2007 National Conference on Tobacco or Health

Wednesday, October 24, 2007
Exhibit Hall

The Power of Local Action: The Case of Smokefree Federal Worksites

Edith D. Balbach, PhD, Tufts University, Community Health Program, edith.balbach@tufts.edu, Elizabeth Barbeau, ScD, elizabeth_barbeau@dfci.harvard.edu.

Learning Objectives: Explain the importance of local efforts in creating smokefree policies

Problem/Objective: To understand how local action helped create smokefree federal worksites.

Methods: Review of tobacco industry documents, other literature on local level strategies in tobacco control, and the broader literature of grassroots political activity

Results: The tobacco industry aggressively opposed federal legislation to stop or curtail smoking in federal worksites in the mid-eighties. One of the ways the industry got labor support on this issue was to frame the legislation as an instance of management unilateralism and thus a violation of union rights to bargain for members. In response, the head of the General Services Administration allowed each federal worksite to set its own rules, subject to bargaining with the local unions. The effect of this was that by 1997, when Clinton signed his executive order, even the head of the Tobacco Institute acknowledged that it would not have much impact because most worksites were already smokefree.

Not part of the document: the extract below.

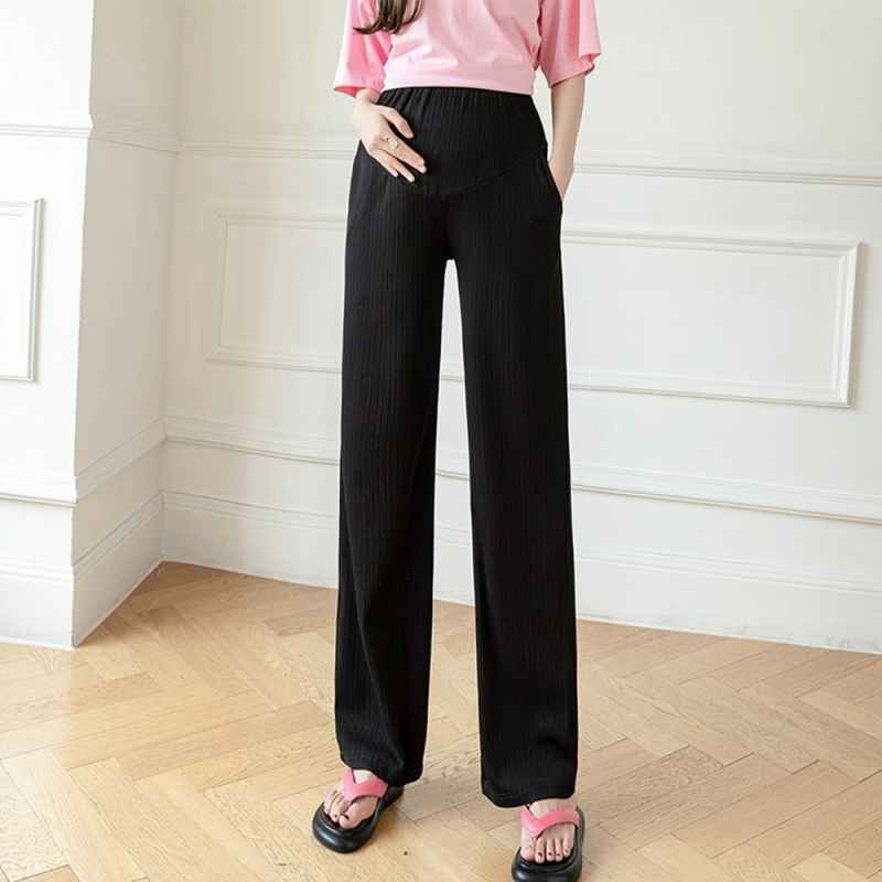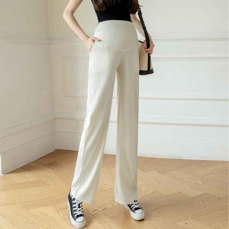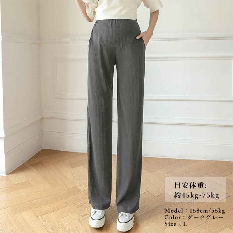 柔らかい素材でストレスフリーな穿き心地の美脚マタニティプリーツワイドパンツ

Conclusions: This case represents a major strategy failure on the industry's part. Instead of keeping the issue at the federal level, where it could control policy, it sent the policy decisions to the local level, where it has historically been weakest. By going for the obvious win - defeating federal legislation - the industry set itself up for a slow, steady loss, worksite by worksite. Weak federal legislation that required smoking and nonsmoking areas and preempted local rulemaking might have stopped the smokefree federal worksites movement. By the early 1990s, the industry was actively pursuing of preemption as a legislative strategy.